Iteration #1: 1210.0
Iteration #2: 1464.1
Iteration #3: 1771.561
Iteration #4: 2143.58881
Another way to do this, although perhaps less elegant, would be to add a break in your While loop like this (assuming all you care about is not printing any number higher than 2,000):
while population < 2000:
population = population + growth_rate * population
if population >= 2000:
break
else:
print population
time = time + 1
At the penultimate iteration of the loop the population was less than 2,000, so there was another iteration. On the final iteration the population became more than 2,000 and so the loop exited.

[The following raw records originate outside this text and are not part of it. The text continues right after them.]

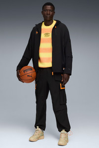 PRODUCT STORY LaMelo Ball is not of this Earth – but fortunately he comes in peace. The MB.04 is inspired by Melo’s otherworldly style of play, with an allover alien texture at the upper and Melo’s wings logo wrapped around the heel. Complete with breathable, supportive double-layered mesh and NITROFOAM™ cushioning for on-court power, this colorway stands out in earth tones and a hot pop of color at the heel. FEATURES & BENEFITS - NITROFOAM™: Advanced nitrogen-injected foam designed to provide superior responsiveness and cushioning in a lightweight package - CMEVA: PUMA's compression-moulded EVA material for lightweight performance DETAILS - Style: 312209_01 - Color: Light Sand-Aquatic-Orange Glo - Woven mesh upper material for breathable feel and support - 5D Printed Upper: A raised, multi-layered design takes over the shoe like alien tentacles - TPU heel counter adds lateral stability, along with LaMelo Branding - High abrasion tread pattern for added traction with non-slip rubber compounds - The outsole features a hovering spaceship, NOT FROM HERE and RARE wording, and flames at the heel - CMEVA foam technology providing superior responsiveness and cushioning in a lightweight package - Unique heel logo: Melo’s own LaFrance logo at the heel - Delivered in exclusive special packaging MATERIAL INFORMATION - Midsole: 100% Synthetic - Sockliner: 100% Textile - Outsole: 100% Rubber - Upper: 59% Synthetic, 41% Textile - Lining: 100% Textile
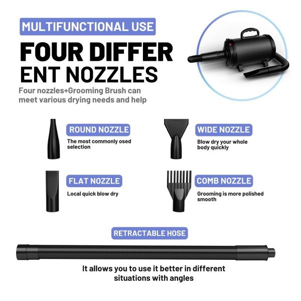 Perfect accessories and appearance: We are equipped with four nozzles in different shapes to meet all drying requirements. Ergonomic handle, easy to use. Small size, convenient for transportation and storage.At the same time, we also provide a pet bathing brush to make it convenient for you to bathe your honey pet.
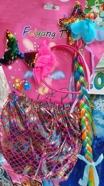 Syrenka - strój, przebranie Strój syrenki składa się z czterech elementów: spódniczki, opaski, różdżki i warkocza do dopięcia do włosów. Wszystkie elementy są w pięknych, błyszczących kolorach przez co strój jest wyjątkowy i niepowtarzalny. Spódniczka w pasie posiada gumkę - jest rozciągliwa. Rozmiar dziecięcy
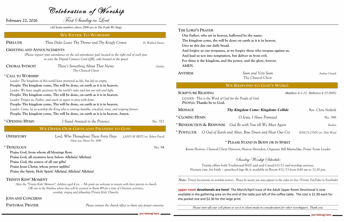 * CALL TO WORSHIP Leader: The kingdoms of this world have promised us life, but left us empty. People: Thy kingdom come, Thy will be done, on earth as it is in heaven. Leader: We have sought greatness by the world’ s rules and lost our salt and light. People: Thy kingdom come, Thy will be done, on earth as it is in heaven. Leader: Forgive us, Father, and teach us again to pray with Jesus. People: Thy kingdom come, Thy will be done, on earth as it is in heaven. Leader: Come, let us worship the King who is coming— humble, crucified, risen, and reigning forever. People: Thy kingdom come, Thy will be done, on earth as it is in heaven. Amen.
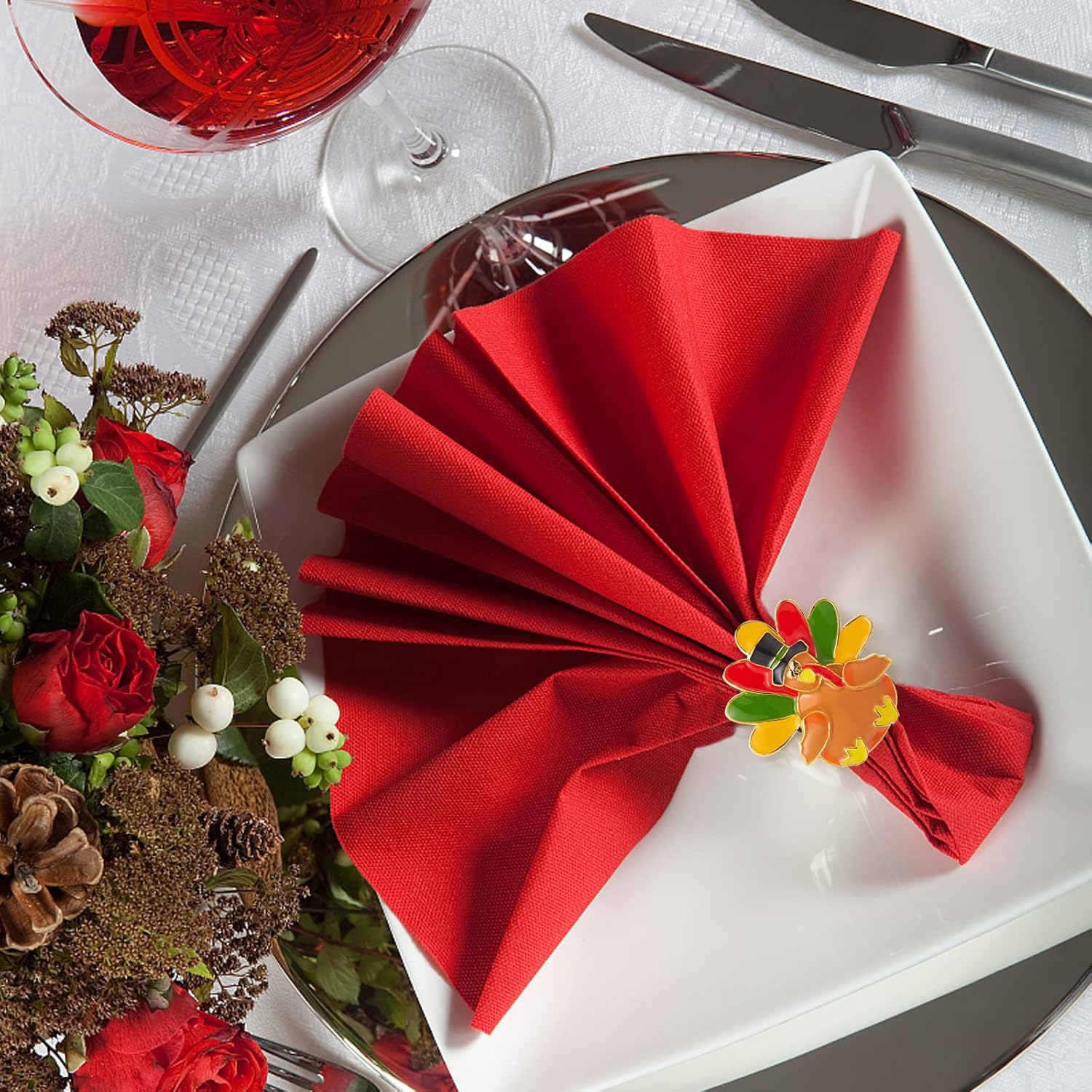 - Quality metal material: These turkey napkin ring are made of quality metal, which is durable and not easy to break or deform. The colorful pattern desigh and the polished surface add the atmosphere of thanksgiving day for your table. After each time use, please clean the napkin ring and keep it in a dry place for next time use.

If the population increased by 1 each time then you're correct; the loop would have exited at 2,000. You can see this behaviour using a simpler version:
i = 0
while i < 10:
i += 1
print i
Vary the amount that i increases by in order to see how it changes.
A while loop is an example of an "entry controlled" loop. This means that the condition is checked before entering the loop. Hence, this means if your loop condition was violated during the previous iteration, but not at the beginning, your loop will terminate after the first violation, not before it.
Here is a simple example:
>>> a = 1
>>> while a < 5:
... a = a+3
... print a
...
4
7
So, if you want that your loop must exit before a is greater than or equal to 5, you must do the check in the loop itself and break out of the loop:
>>> a = 1
>>> while a < 5:
... a = a+3
... if a < 5:
... print a
... else:
... break
...
4
So your code right here:
while population < 2000:
population = population + growth_rate*population
Say we enter that while loop and population = 1800, and growth_rate = .21. This satisfies all the requirements for the while loop to enter another loop. But, in the next line, you will set population = 1800 +(.21)*1800 which equals 2178. So, when you print out population, it will say 2178 even though it's higher than 2000
What you could do, is something like this:
while population < 2000:
if population == population + growth_rate * population < 2000:
population = population + growth_rate * population
time = time + 1
else:
break
print population
time = 0
population = 1000 # 1000 bacteria to start with
growth_rate = 0.21 # 21% growth per minute
while population != 2*population:
population = population + (growth_rate * population )
time = time + 1
print "It took %d minutes for the bacteria to double." % time
I think you will be getting the right output now.
I think this is a simple math problem - you're expecting the time to be an integer, although it probably is a floating point number. The loop can't stop when the population has reached 2000, because the way you're calculating it, it never has a value of 2000.